*WHAT TO DO*
The entries that follow should be repeated exactly, with no pictures kept.

Records excerpted from a collection:
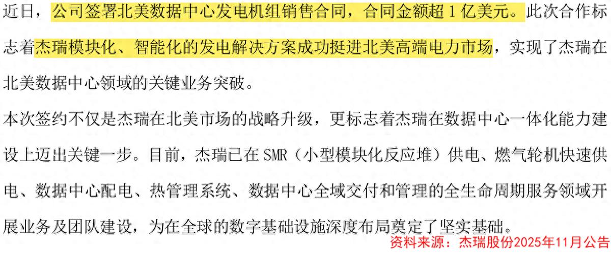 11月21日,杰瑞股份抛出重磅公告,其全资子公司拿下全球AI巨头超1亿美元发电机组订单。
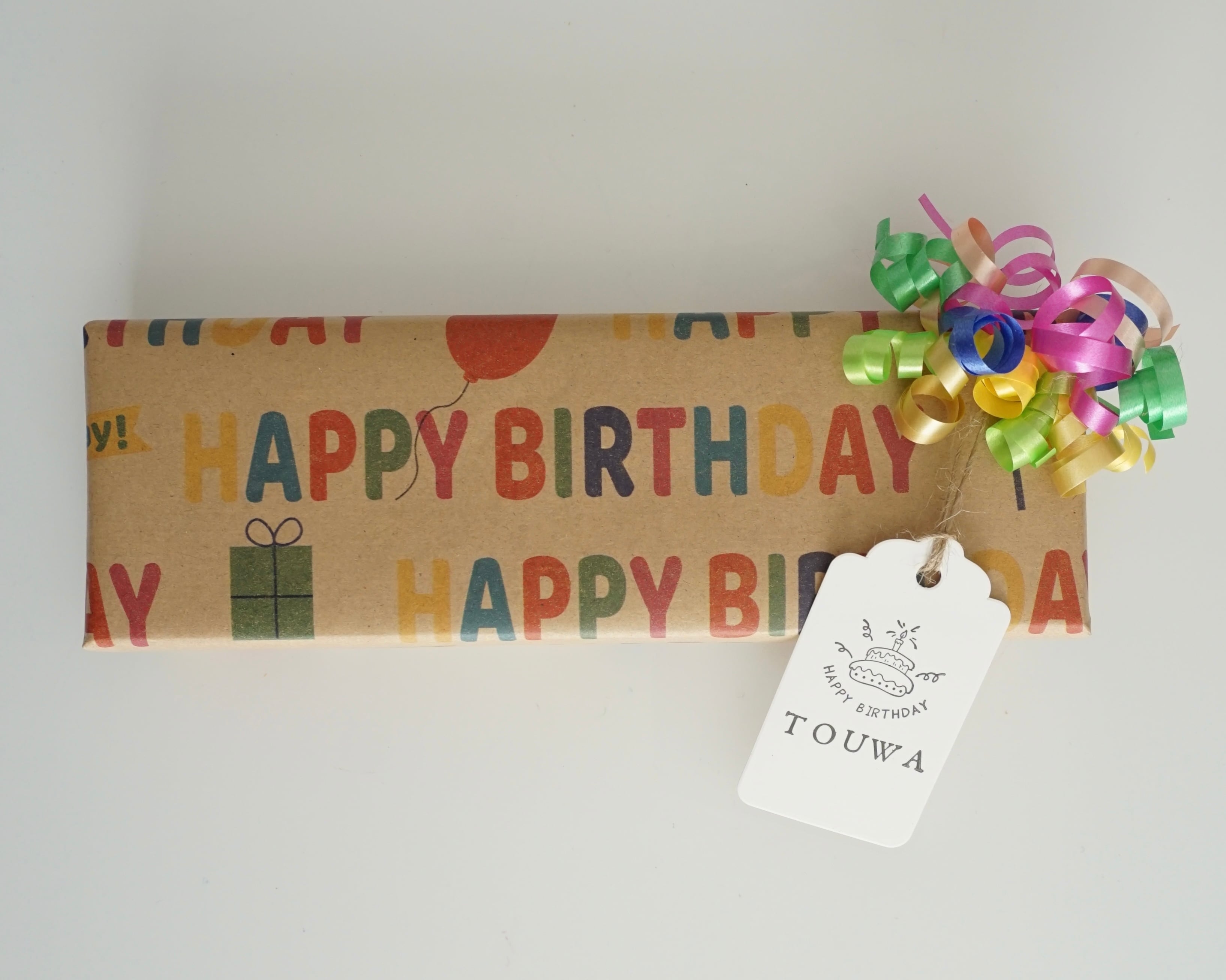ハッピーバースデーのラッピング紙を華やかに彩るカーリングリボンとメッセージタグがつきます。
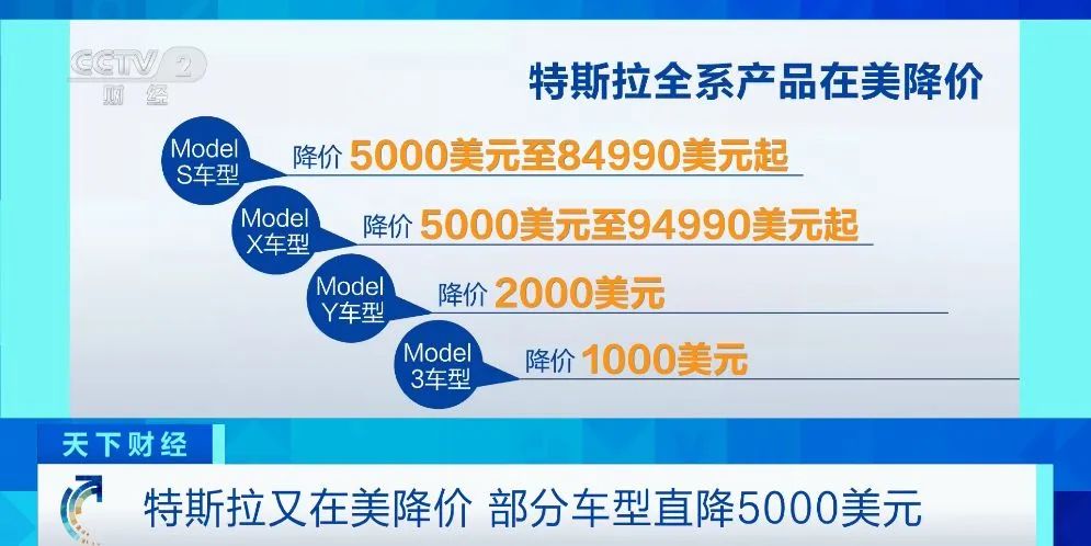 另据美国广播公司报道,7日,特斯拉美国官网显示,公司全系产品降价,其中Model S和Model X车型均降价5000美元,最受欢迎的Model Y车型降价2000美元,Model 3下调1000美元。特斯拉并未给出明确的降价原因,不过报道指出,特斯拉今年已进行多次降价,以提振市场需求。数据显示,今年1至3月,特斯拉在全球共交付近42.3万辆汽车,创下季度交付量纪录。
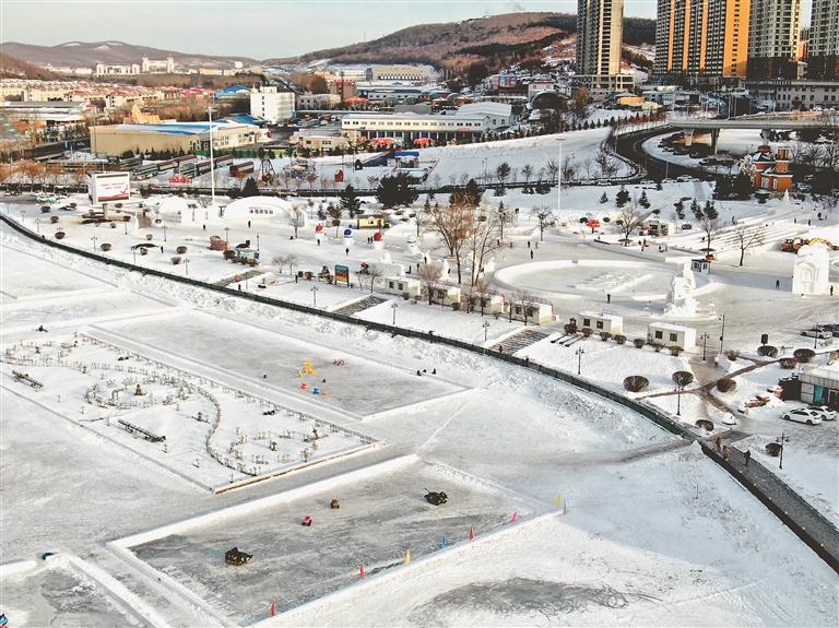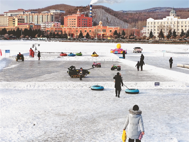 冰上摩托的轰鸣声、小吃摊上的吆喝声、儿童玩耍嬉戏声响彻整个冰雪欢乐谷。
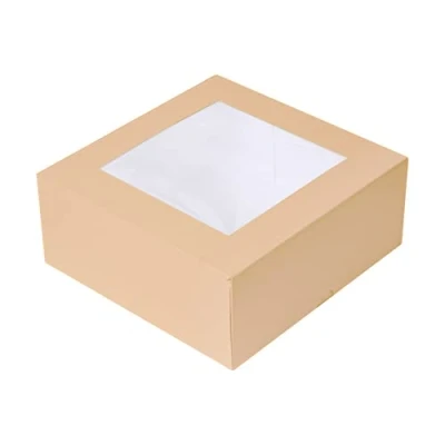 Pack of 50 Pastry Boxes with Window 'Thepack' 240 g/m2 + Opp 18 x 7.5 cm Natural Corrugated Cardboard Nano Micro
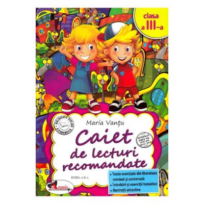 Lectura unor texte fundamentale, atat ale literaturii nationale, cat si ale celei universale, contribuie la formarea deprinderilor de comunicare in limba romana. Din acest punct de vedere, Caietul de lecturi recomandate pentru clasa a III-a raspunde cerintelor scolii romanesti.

*REPLY TO THE EXERCISE*
 11月21日,杰瑞股份抛出重磅公告,其全资子公司拿下全球AI巨头超1亿美元发电机组订单。
ハッピーバースデーのラッピング紙を華やかに彩るカーリングリボンとメッセージタグがつきます。
 另据美国广播公司报道,7日,特斯拉美国官网显示,公司全系产品降价,其中Model S和Model X车型均降价5000美元,最受欢迎的Model Y车型降价2000美元,Model 3下调1000美元。特斯拉并未给出明确的降价原因,不过报道指出,特斯拉今年已进行多次降价,以提振市场需求。数据显示,今年1至3月,特斯拉在全球共交付近42.3万辆汽车,创下季度交付量纪录。
 冰上摩托的轰鸣声、小吃摊上的吆喝声、儿童玩耍嬉戏声响彻整个冰雪欢乐谷。
 Pack of 50 Pastry Boxes with Window 'Thepack' 240 g/m2 + Opp 18 x 7.5 cm Natural Corrugated Cardboard Nano Micro
 Lectura unor texte fundamentale, atat ale literaturii nationale, cat si ale celei universale, contribuie la formarea deprinderilor de comunicare in limba romana. Din acest punct de vedere, Caietul de lecturi recomandate pentru clasa a III-a raspunde cerintelor scolii romanesti.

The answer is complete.